Sugiro a seguinte reflexão para nos localizar como anda o nosso amor: estou disposto a dar a minha vida por minha esposa, meus filhos, meus irmãos? A dar tempo, atenção, carinho, docilidade, a minha própria vontade, o próprio suor do trabalho, expressões do amor? A comida bem feita, a roupa passada, a fralda trocada é doação de tempo, de afeto, que expressa o amor, se são feitas sem murmurações. É assim que os pais aprendem a amar e é assim que os filhos vão aprendendo o amor através dos pais. Há um intercâmbio de amor. Os filhos fazem com que os pais saiam de si e se doem a eles, assim os pais aprendem o que é amor. Os filhos podem levar os pais à maturidade se os pais se abrirem verdadeiramente a essa tão nobre tarefa de educar. Em contrapartida, os filhos aprendem assim a fazer a experiência de doação que os pais praticam continuamente com eles, podendo assim retribuir aos pais, à família, à sociedade o amor que deles receberam. “Plante amor e nascerá amor”.

Aprende-se a andar andando. Aprende-se a amar amando! Os nossos filhos serão educados para o amor se nós, pais, praticarmos o amor que sempre será doação. Não há outra forma de amor se não for doação. Pode-se até tentar achar outras palavras para se definir o amor, mas o verdadeiro amor é aquele que é doação e tudo o que é verdadeiramente doado é desinteressado. Aos olhos do mundo pode parecer tudo muito duro, muito sofrido. Muitas vezes escondemos nosso egoísmo e egocentrismo numa lista de “direitos” próprios que fazemos ao outro e a nós mesmos para vivermos em função deles, sem olhar para os direitos dos outros, principalmente dos nossos filhos, pois eles têm o direito de nos terem, somos deles muito mais do que eles são nossos.

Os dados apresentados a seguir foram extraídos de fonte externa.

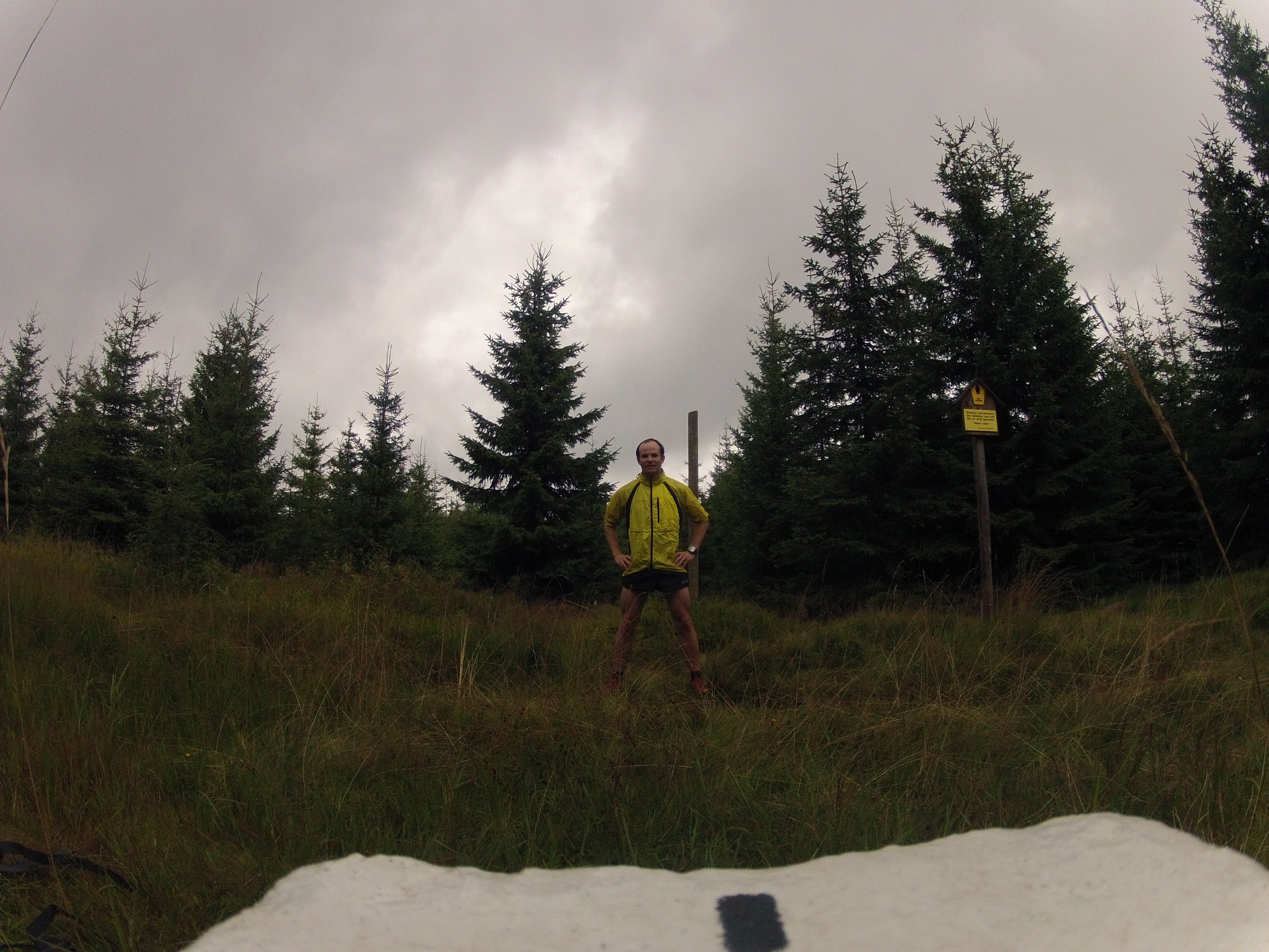I arrived at the boarder and it was almost a bit of a let down. All that was there was a trench and a few markers. I had a quick pause for photos then headed alongside the boarder for a bit. As I ran along in isolation thunder and lighting got louder and closer. The whole way I was feeling just that little bit uncomfortable. Eventually I got close to the point I was going to cut back into Czech and I spotted a boarder building, slightly worried that it might be manned and I had no ID on me I quickly took a pee on the German side (for my Dutch relatives!) and then cut through the bushes evading detection just like in th e movies. Once back clearly in Czech the rain got worse and I started to get cold but apart from that it was really nice forest and I ducked of the track again to claim another one of the rogaining controls. In this one little area I spotted 3 deer the only other living things I saw the whole way. I made it back to the house undetected by humans and in one piece.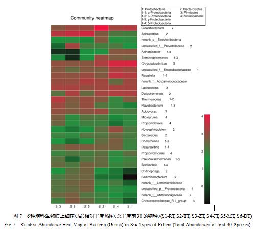 為進一步揭示其群落結構差異,基于細菌菌門水平(圖6)、變形菌門(表3)及菌屬水平(圖7)分析生物膜上的微生物群落結構組成。由圖6可知,從菌門水平來看,不同填料反應器中微生物群落組成的差異不是特別大。6種填料生物膜樣本的主要菌群均為變形菌門(Proteobacteria)、擬桿菌門(Bacteroidetes)、厚壁菌門(Firmicutes)及放線菌門(Actinobacteria)。以MT反應器為例,其生物膜樣本變形菌門占比達56.2%,其次是擬桿菌門(25.3%)、厚壁菌門(14.8%)。其他5種填料生物膜樣本上的變形菌門占比介于28%~54.3%,擬桿菌門占比介于23.5%~57.3%,厚壁菌門介于9.2%~16.1%。該結果與前人研究結果相近,如Ma等[21]在序批式反應器中發(fā)現(xiàn)的細菌群落組成中變形菌門(占比最大)、擬桿菌門及放線菌門占優(yōu)勢;Snaidr等[22]在常規(guī)活性污泥中對菌群多樣性的研究中發(fā)現(xiàn)變形菌門(Proteobacteria)為優(yōu)勢類群。在6個樣品中還有綠彎菌門(Chloroflexi)、浮酶菌門(Planctomycetes)、綠菌門(Chlorobi)及單胞菌門(Gemmatimonadetes)等,但所占比例均不同。其中綠菌門在顆粒化過程中有重要作用,能夠增強污泥的沉降性能。

Estamos falando até aqui não só de se educar os filhos para o amor, mas também da felicidade dos pais, dos esposos, da pessoa em si, que passa diretamente pelo amor. Repare que quem fecha sua vida em si mesmo, quem não vai ao encontro do outro em suas necessidades é sempre uma pessoa infeliz e pode encontrar-se solitário, pois acaba exigindo do outro aquilo que ele mesmo não dá. Essa pessoa pode até ter dinheiro, fazer viagens e satisfazer todos os seus sonhos, mas a verdadeira felicidade ainda será um sonho não satisfeito.Certamente você deve conhecer pessoas assim. “Quem quiser ganhar a sua vida irá perdê-la e quem gastar a sua vida por causa de mim irá ganha-la” (Lc 9, 24).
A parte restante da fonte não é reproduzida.